This is a non-GMAT question for 2 reasons. First, there are no answer choices. Second, GMAT probability always deals with INDEPENDENT events - here, not only does the question not specify that the events are independent, but it also implies that they could be dependant. After all, if they were independent the question would never read "the greatest possible value that neither" would occur, it would just ask for the probability that neither would occur.
Normally I wouldn't address a non-GMAT question (other than to warn students off of it), but this does help us understand the difference between independent and dependant, so what the heck. However, I want to reiterate, THERE IS NO CHANCE OF THIS QUESTION (or a similar one) EVER APPEARING ON THE GMAT. This smacks of a "home made" question - I'm always wary of new posters who don't include the source of their questions.

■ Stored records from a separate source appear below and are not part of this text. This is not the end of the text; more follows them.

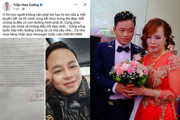 Theo nội dung thông báo vào ngày 27/1, ông Triệu Hoa Cương cho biết hai người đã “hết duyên, hết nợ” và lựa chọn dừng lại trong êm đẹp. Ông cũng gửi lời chúc sức khỏe và mong mỗi người sẽ có con đường riêng phù hợp hơn trong chặng đường sắp tới. Dòng trạng thái nhanh chóng nhận được nhiều bình luận trái chiều từ cộng đồng mạng, bởi đây từng là một trong những cặp đôi có sự chênh lệch tuổi tác lớn nhất từng được công chúng biết đến.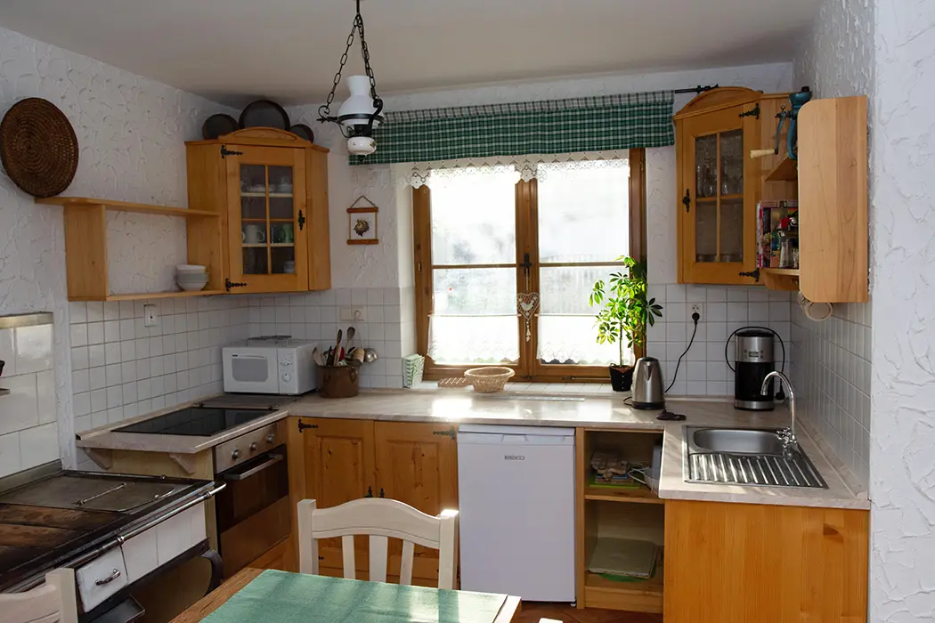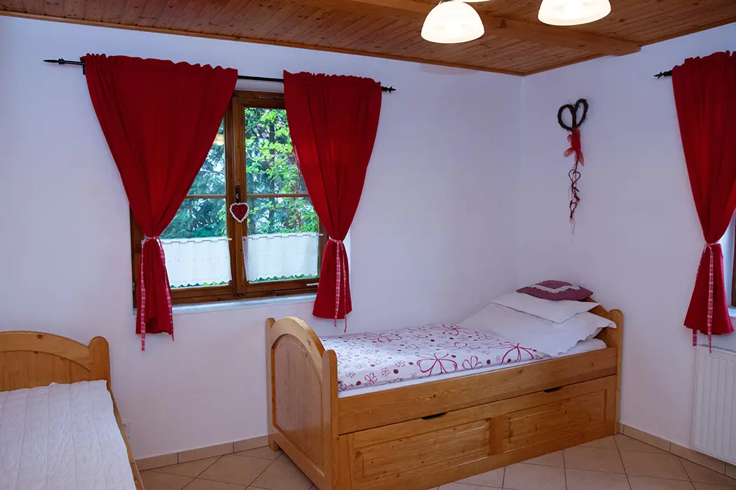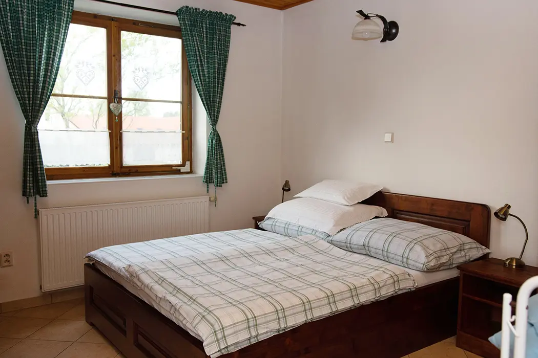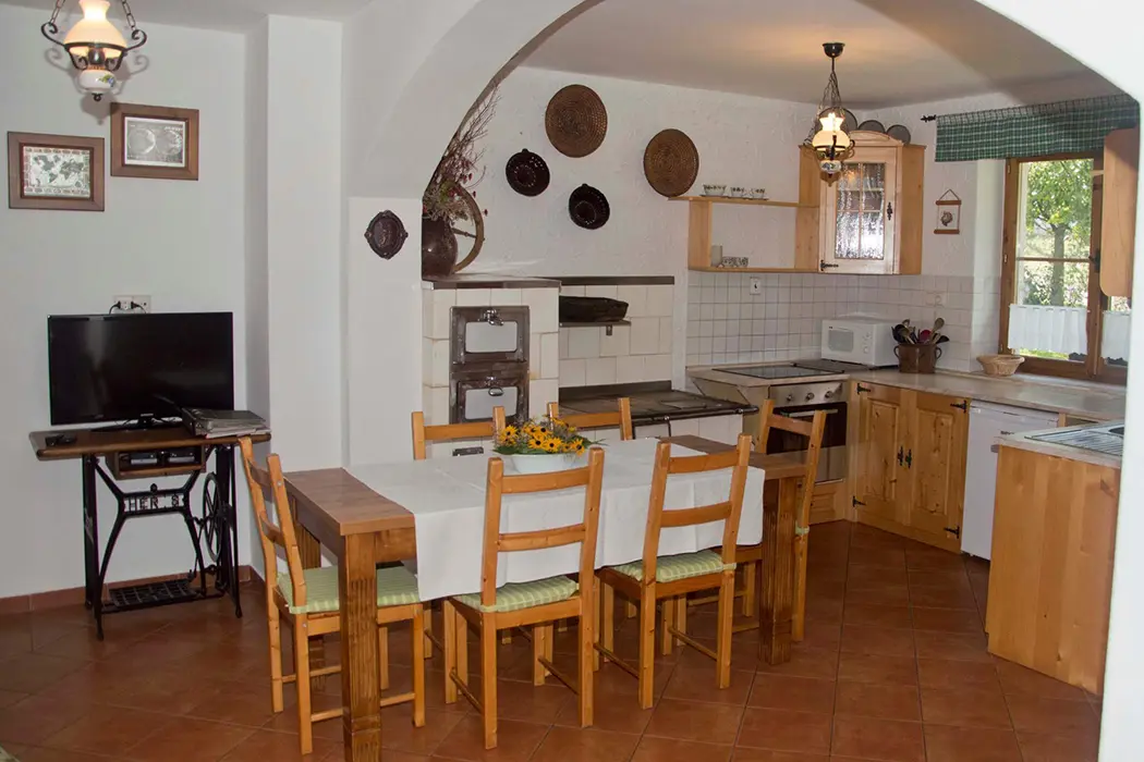 Vstupní chodbička, prostorná kuchyně - klasická kachlová kamna, el. sklokeramická varná deska, trouba, mikrovlnka, kávovar, lednice, myčka nádobí, dostatek nádobí, velký stůl a židle, BTV, rádio, sedací souprava. Dále navazuje obývací pokoj s posezením u krbových kamen, rohová lavice, stůl a židle, rádio. 3 ložnice 1x2, 1x2+1, 1x3 lůžka. Po domluvě dětská postýka a židlička. Koupelna s rohovou vanou a umyvadlem, zvlášť WC s umyvadlem. V další prostorné místnosti je zapuštený vnitřní bazén s protiproudem 6x3x1,5 m, sprcha, samostatné WC+bidet + umyvadlo. V další uzavřené části sauna - za poplatek a po předchozí domluvě s majitelem. Topení - centrální ústřední + podlahové topení u bazénu a v koupelně.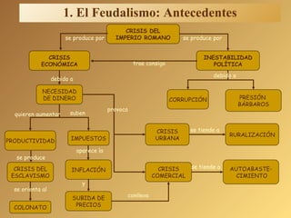 El documento describe el sistema feudal que surgió en Europa después de la caída del Imperio Romano. 1) La sociedad feudal estaba jerarquizada, con el rey en la cima, seguido por la nobleza y el clero. Debajo estaban los campesinos, divididos en siervos y villanos. 2) Los nobles poseían tierras llamadas feudos, que cedían a vasallos a cambio de lealtad y servicios. Los vasallos gobernaban castillos y tierras trabajadas por campesinos. 3) Estos campesinos viv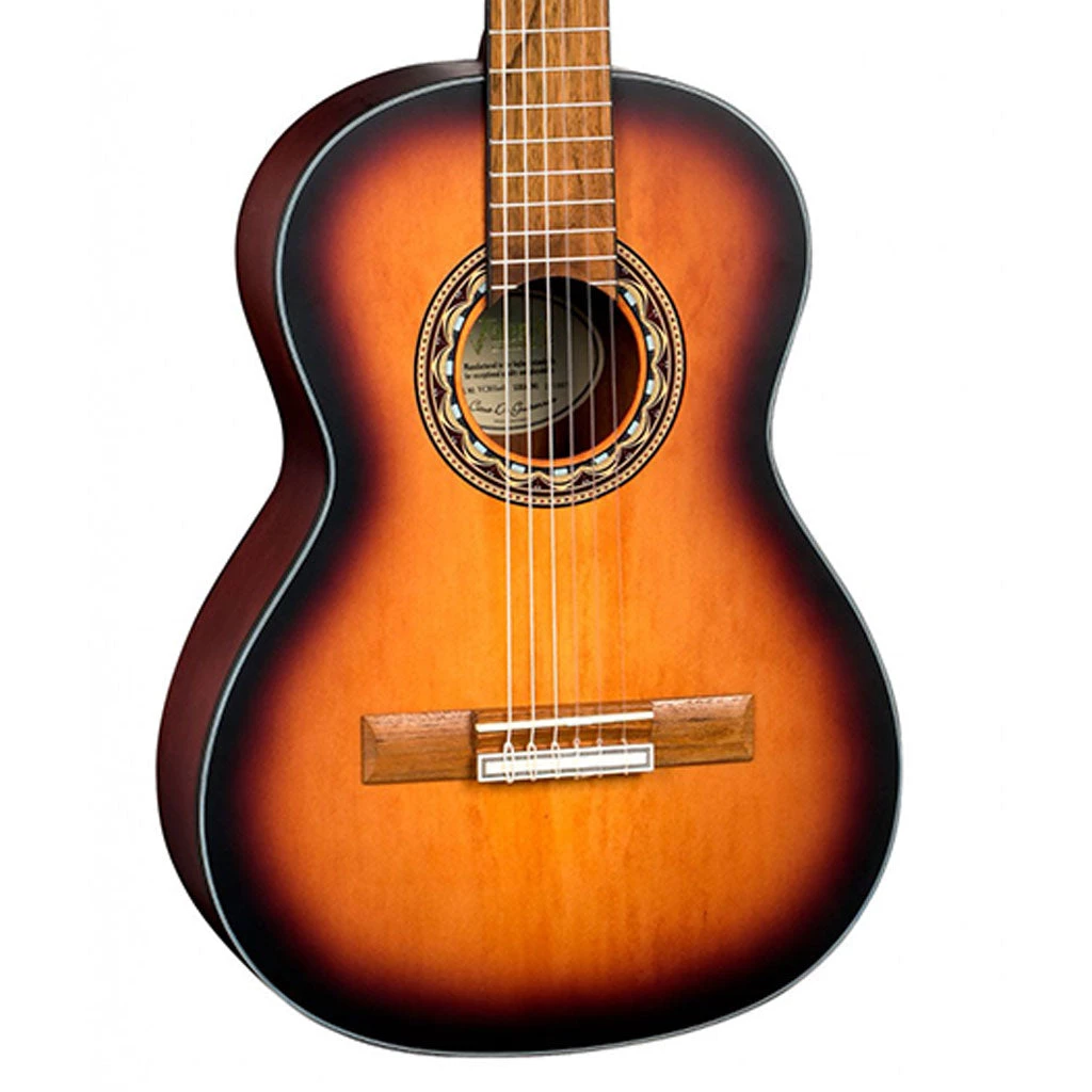 Gold machine heads with black button tuners give the Valencia Series 300 range a uniqueness not offered by any other brand. With a transparent, satin finish and stylish rosette decoration the Series 300 is truly inspired!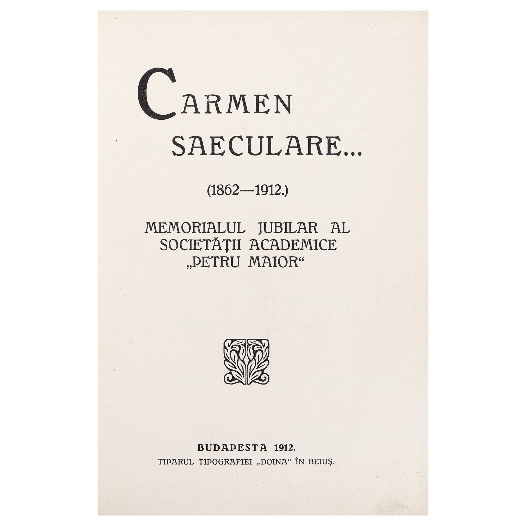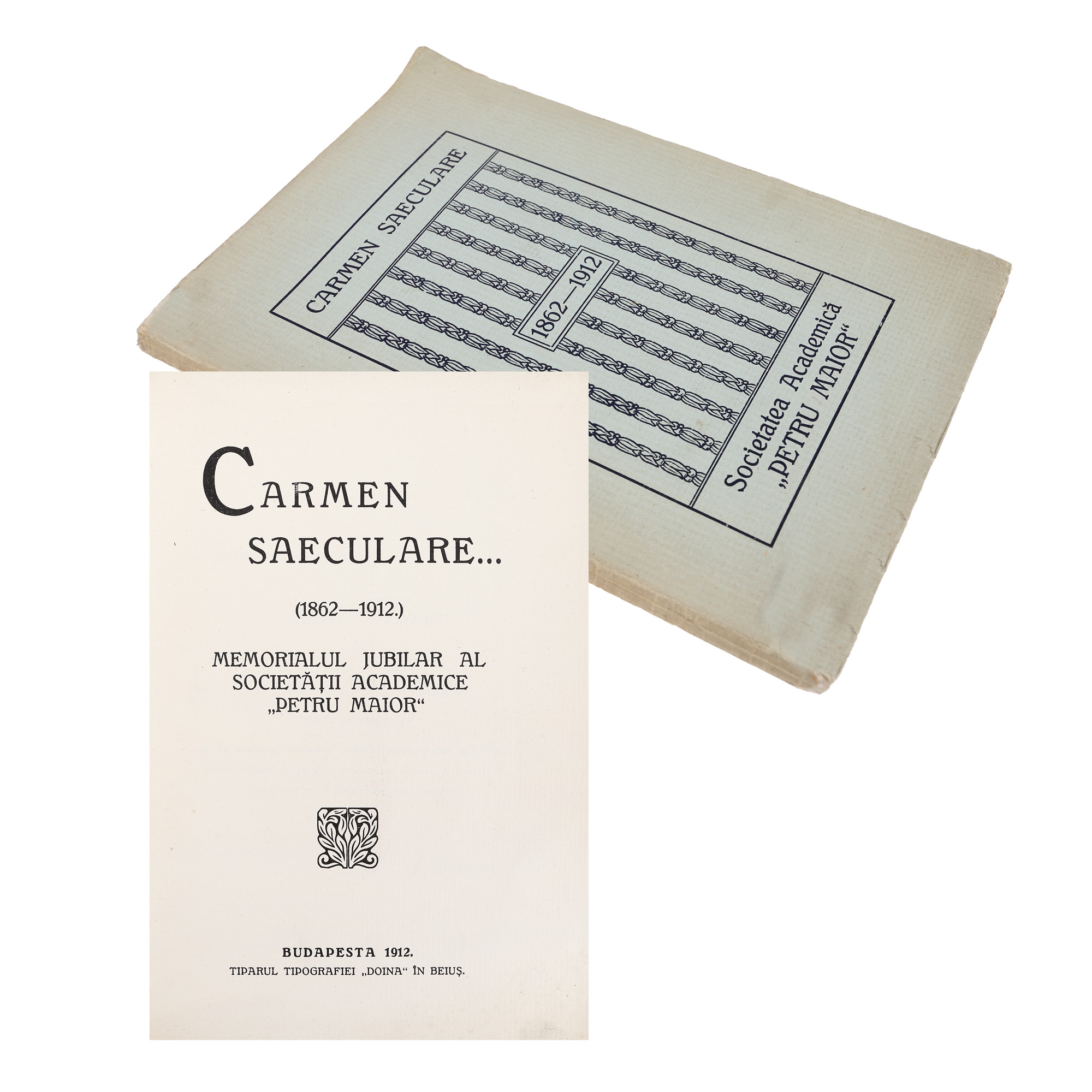 182. "Carmen saeculare... Memorialul jubiliar al Societății Academice Petru Maior", ediție princeps, Budapesta, 1912, provine din colecția criticului literar Șerban Cioculescu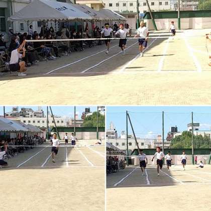 同じく50m走りや100m走の写真です!各学年の生徒たちはしっかり頑張っています!勝っても負けても100点!!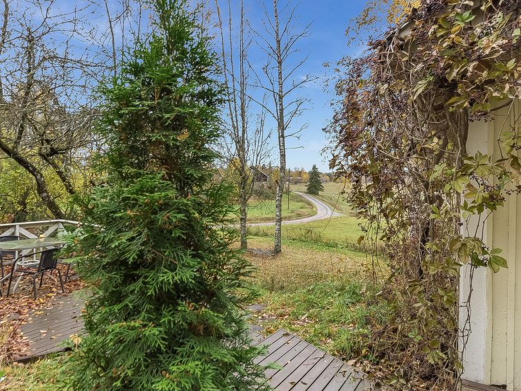 Old-time, "romantic garden with cottage", so-called “dry land cottage” (i.e. not near lake), Lake Lohjanjärvi 1 km. Leafy yard area, lawn, apple trees, berry bushes, lilac trees and various shrubs. Plot covers 2000 m². Neighbour is same owner’s other rental cottage (8446) and owner’s own house.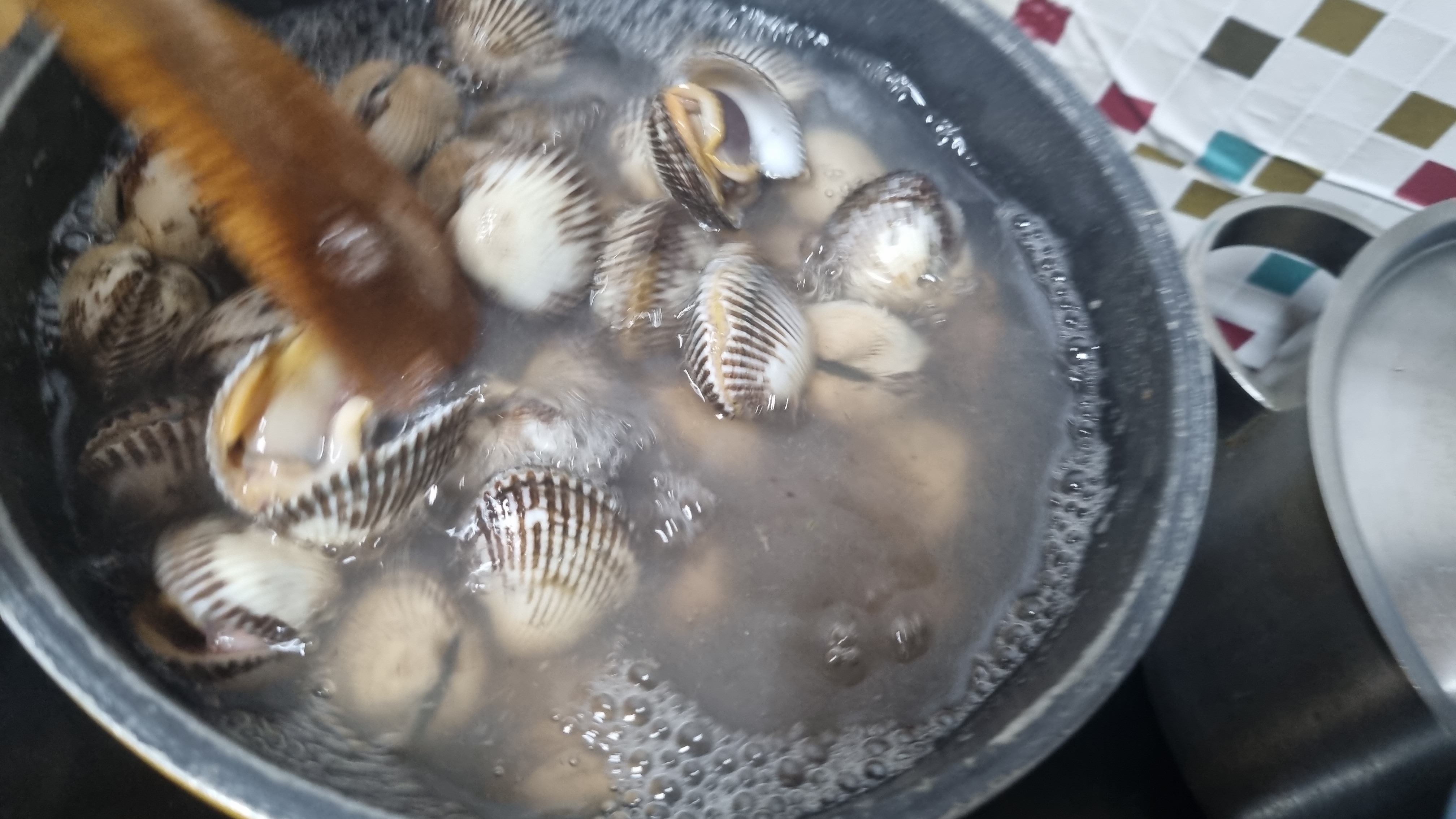 이후 주걱이나 수저로 끓은 물에 넣은 꼬막을 저어주어야 하는데 이는 최대한 빨리 골고루 삶아 시간을 단축하려는 목적입니다.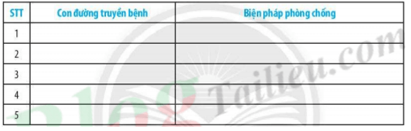 Bài 28.9 trang 94 sách bài tập KHTN 6: Hãy trình bày một số con đường lây bệnh do nấm gây nên và biện pháp phòng bệnh bằng cách hoàn thành bảng sau:

We know that stock B has a 68% chance to increase; since it has a higher % chance than A, there's no way that stock B could be dependant on stock A.
However, stock A's performance could be 100% dependant on stock B's. Since we want to MAXIMIZE the probability that neither event will occur, we want to make stock A completely dependant on B. If that's the case, then there's a 32% chance that neither event will occur. Accordingly, 32% is the correct answer to the question.
Surely the probabilities are given as absolute, so Shalabh Jain's answer could not be exceeded.
Clarity on this matter would be much appreciated.
Thanks.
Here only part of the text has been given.